• **Dataset extract**
+--

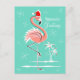 Stylish design with a retro touch featuring a festive pink flamingo wearing a red Santa hat, stars and palm trees decorated with baubles set against an aqua background. A customisable design for you to personalise with your own text, images and ideas. An original digital art image created by Quirky Chic.
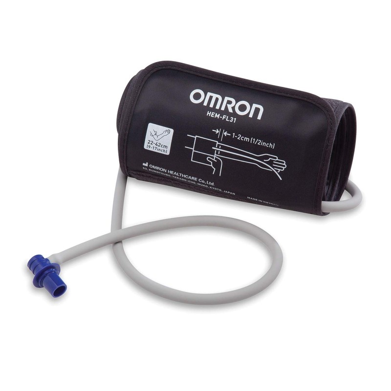 This pre-formed, expanded coverage OMRON Easy-Wrap ComFit blood pressure cuff inflates around the entire upper arm to fit both standard- and large-sized arms from 9 to 17 in circumference.
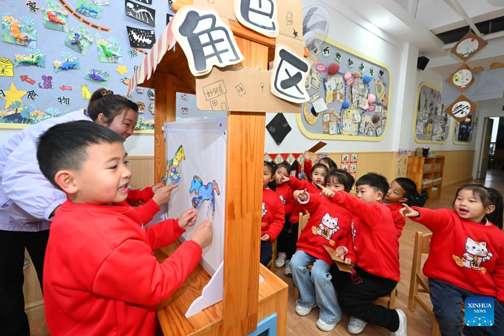 A child tries shadow puppetry in a kindergarten in Xiangyang City, central China's Hubei Province, Dec. 29, 2025. Various activities are held across China to celebrate the upcoming new year. (Photo by Li Xuhui/Xinhua)

+--

• **Your assignment**
Restate every line of the listing exactly. Pictures are not part of the copy.

• **Expected answer**
 Stylish design with a retro touch featuring a festive pink flamingo wearing a red Santa hat, stars and palm trees decorated with baubles set against an aqua background. A customisable design for you to personalise with your own text, images and ideas. An original digital art image created by Quirky Chic.
 This pre-formed, expanded coverage OMRON Easy-Wrap ComFit blood pressure cuff inflates around the entire upper arm to fit both standard- and large-sized arms from 9 to 17 in circumference.
 A child tries shadow puppetry in a kindergarten in Xiangyang City, central China's Hubei Province, Dec. 29, 2025. Various activities are held across China to celebrate the upcoming new year. (Photo by Li Xuhui/Xinhua)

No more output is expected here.